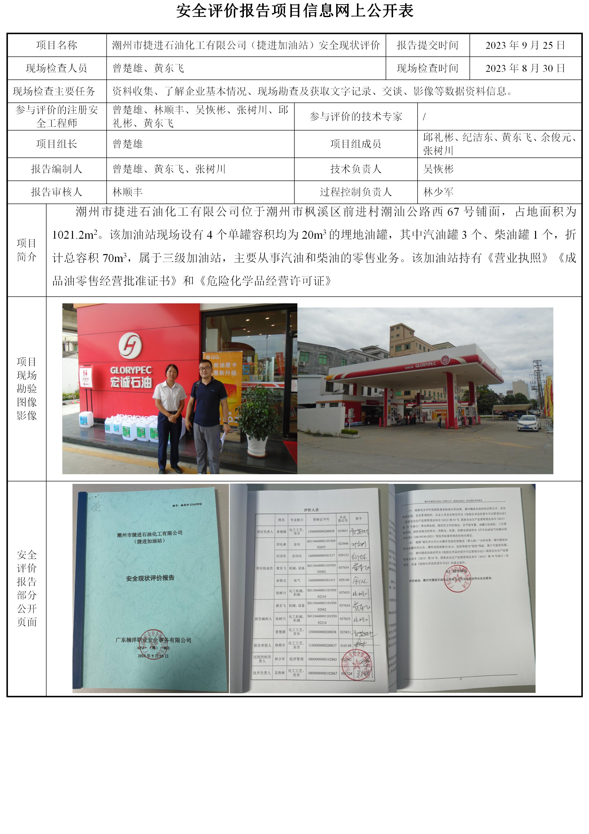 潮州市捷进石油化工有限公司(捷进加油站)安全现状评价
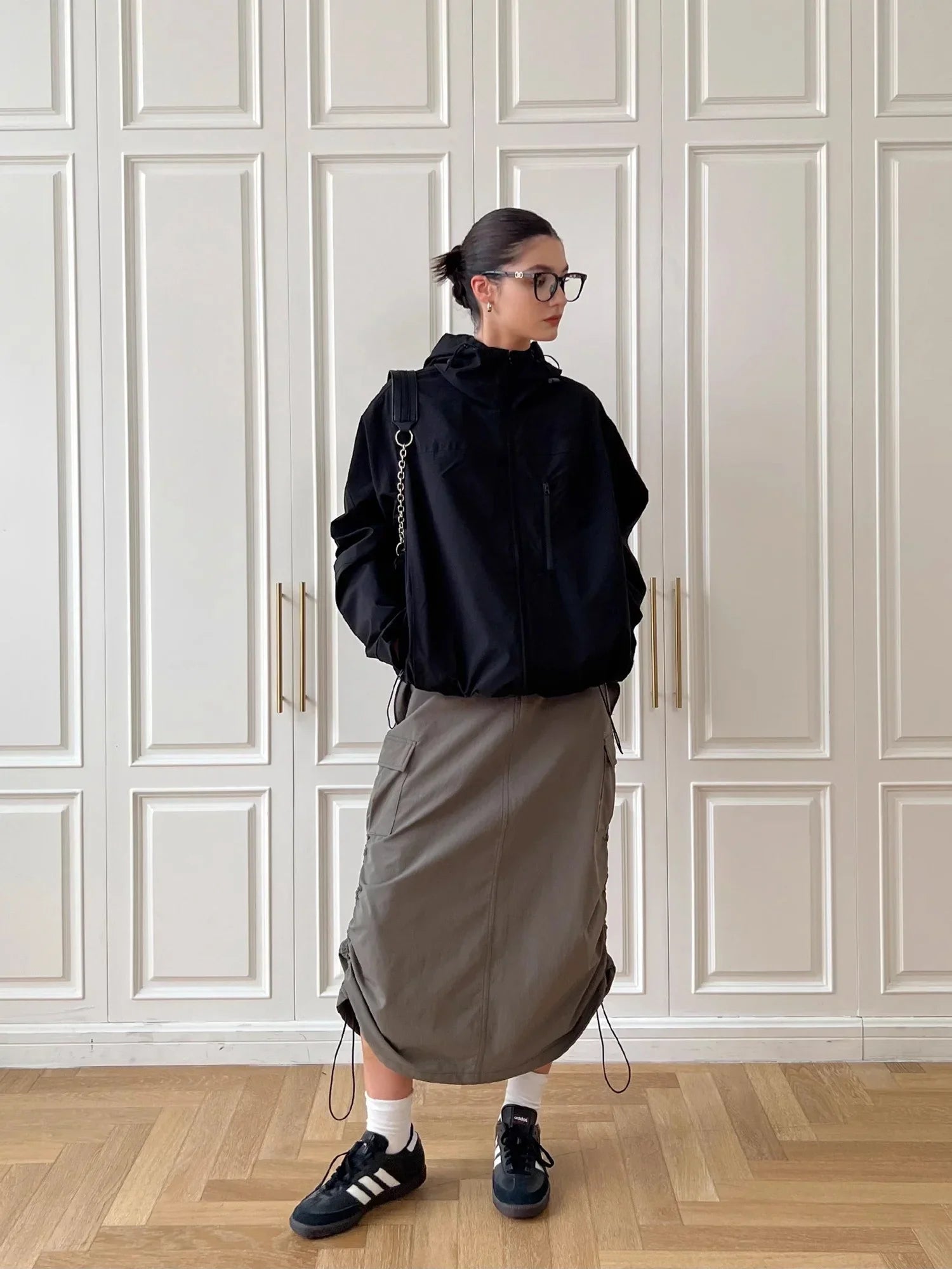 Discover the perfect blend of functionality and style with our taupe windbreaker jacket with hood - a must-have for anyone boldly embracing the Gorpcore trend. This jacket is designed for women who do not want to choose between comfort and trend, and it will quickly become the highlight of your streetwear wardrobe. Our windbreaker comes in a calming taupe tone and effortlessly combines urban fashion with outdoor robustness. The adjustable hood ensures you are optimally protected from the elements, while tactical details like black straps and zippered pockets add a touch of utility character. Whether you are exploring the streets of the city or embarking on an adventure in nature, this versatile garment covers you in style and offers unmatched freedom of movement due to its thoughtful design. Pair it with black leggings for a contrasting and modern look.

***

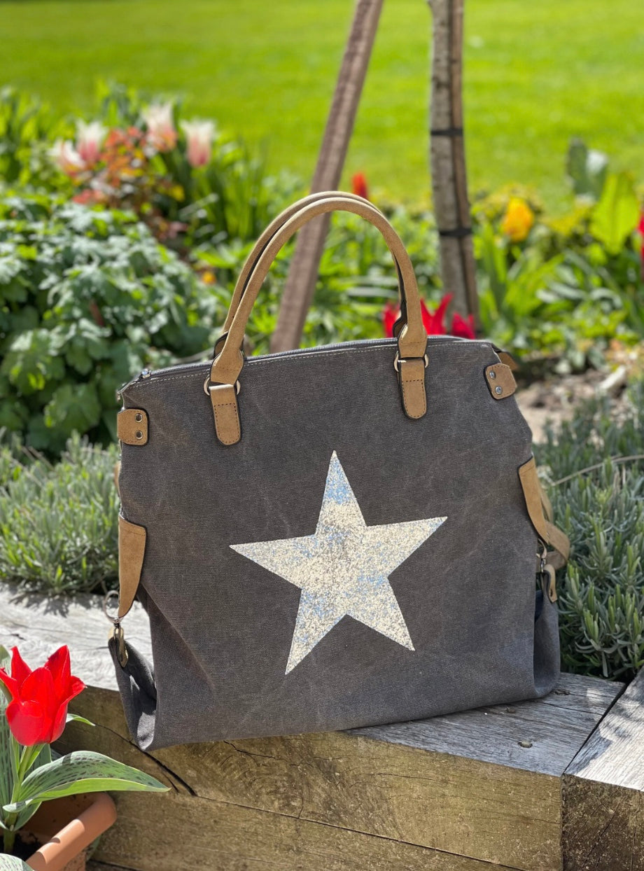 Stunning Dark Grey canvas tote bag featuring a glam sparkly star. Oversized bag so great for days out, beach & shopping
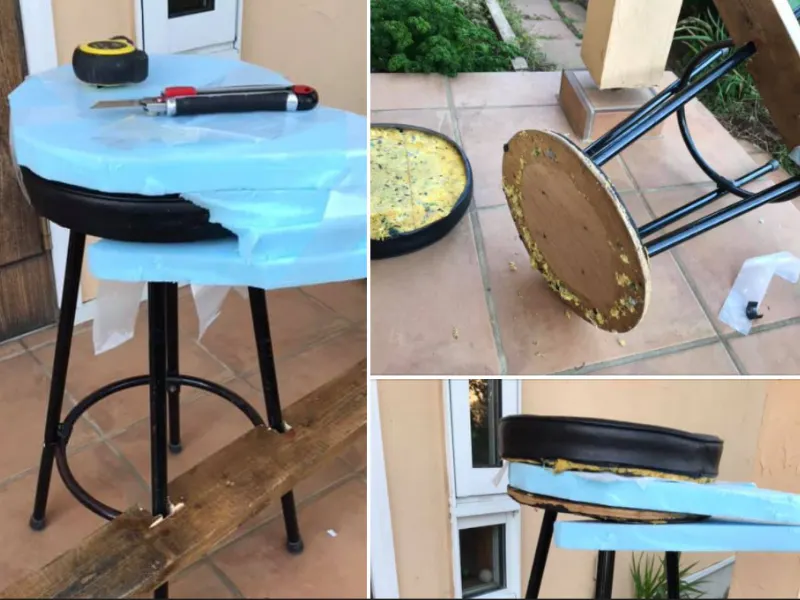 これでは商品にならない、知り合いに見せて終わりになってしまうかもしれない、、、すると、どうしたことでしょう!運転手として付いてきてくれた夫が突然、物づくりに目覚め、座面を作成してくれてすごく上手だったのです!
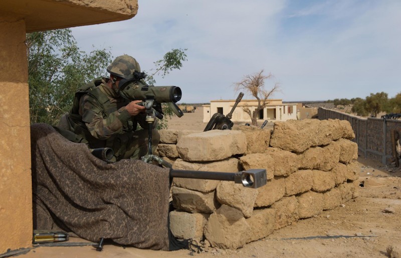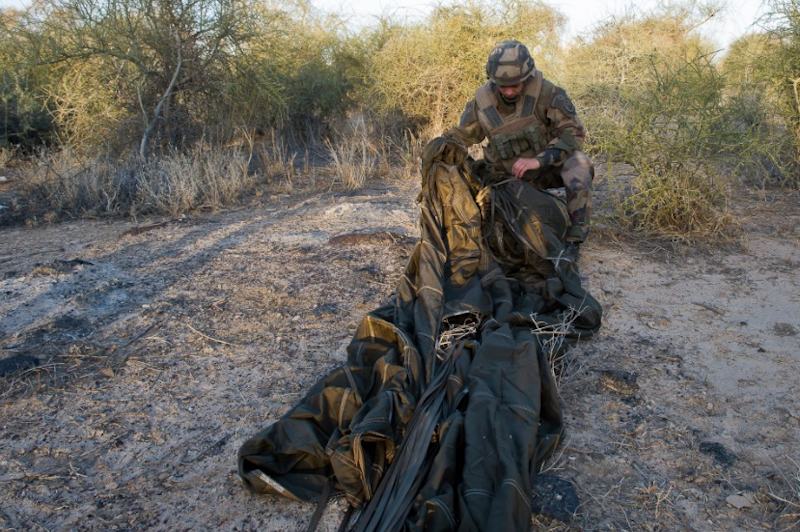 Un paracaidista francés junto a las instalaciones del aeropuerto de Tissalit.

***

WHAT TO DO: Your reply should consist solely of the lines above from the line containing "これでは商品にならない、知り" up to and including the line containing "Un paracaidista francés", reproduced exactly, minus the pictures.

EXERCISE OUTPUT:
 これでは商品にならない、知り合いに見せて終わりになってしまうかもしれない、、、すると、どうしたことでしょう!運転手として付いてきてくれた夫が突然、物づくりに目覚め、座面を作成してくれてすごく上手だったのです!
 Un paracaidista francés junto a las instalaciones del aeropuerto de Tissalit.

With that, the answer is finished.